Как глупая Паули, я лечу на эти огни. Жалка среди трагического фейерверка моя сутулая спина и моя петитная биография. Поглядите со стороны — окруженная светом тень мечется как пойманная крыса. Она похожа также на летучую мышь. Но это человек. Он принес сюда страдание, излишнее как зубная боль и чужой револьвер. В баре „Сплендид“ уже ждет его, известный вам, меланхолик. Он думает об унынии Месопотамии и пьет воду „Виши“. Сейчас эти тени встретятся. Черная вещица разобьет электрическую лампу и сердце, хрупкое как бокал, в котором плавала золотая рыбка. Тогда нахлынут лакеи и репортеры, чтобы вскоре снова отхлынуть. Паркет посыпят опилками. Новые посетители закажут шампанское. Поглядите же со стороны — до чего неизбежны жесты и до чего случайна жизнь!

Собравшись с силами, я стойко взошел на это баснословное ауто-да-фэ. Господина Пике еще не было. Ни публика, ни лакеи не подозревали, чем страшна эта ночь. Меня принимали за кутящего счетовода, и в поданный мне коктейль явно входило презрение. Напитки изготовлял китаец с фиолетовыми веками и с девическими руками профессионального палача. Я думаю, что он знал нирванну и умел хорошо сажать людей на кол.
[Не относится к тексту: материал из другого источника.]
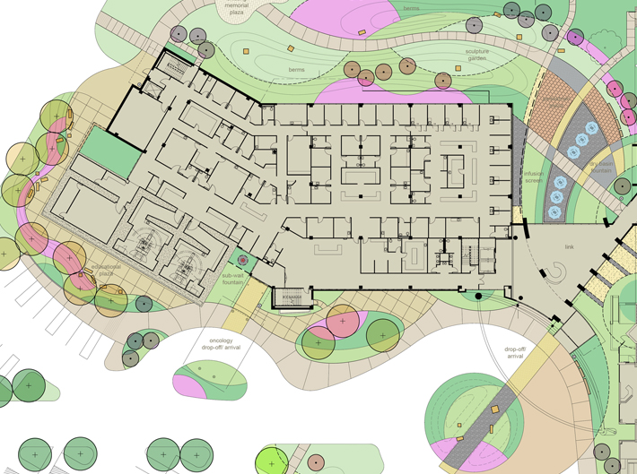 DESIGN :: Bold lines and flawless integration with architecture define the landscape design for this new health science center at the UT medical campus in east Texas. Garthoff Design collaborated extensively with the design team to develop a site plan that merges the new facility with the existing campus. Comfortable gathering areas, defined circulation and purposeful outdoor spaces serve the needs of this healthcare and educational facility.

Он тщательно отмерял настойки всех цветов радуги, дары апостольских монастырей и горной флоры. Зелень мяты зло враждовала с золотом святого Бенедикта. Зелья взбивались, подогревались, замораживались. Они подготовляли танцы и преступления. Китаец глядел на бокалы и на потолок. К человеческим судьбам он был безучастен. Мудрость Конфуция и рецепты коктейлей создавали иноматериковое отторжение.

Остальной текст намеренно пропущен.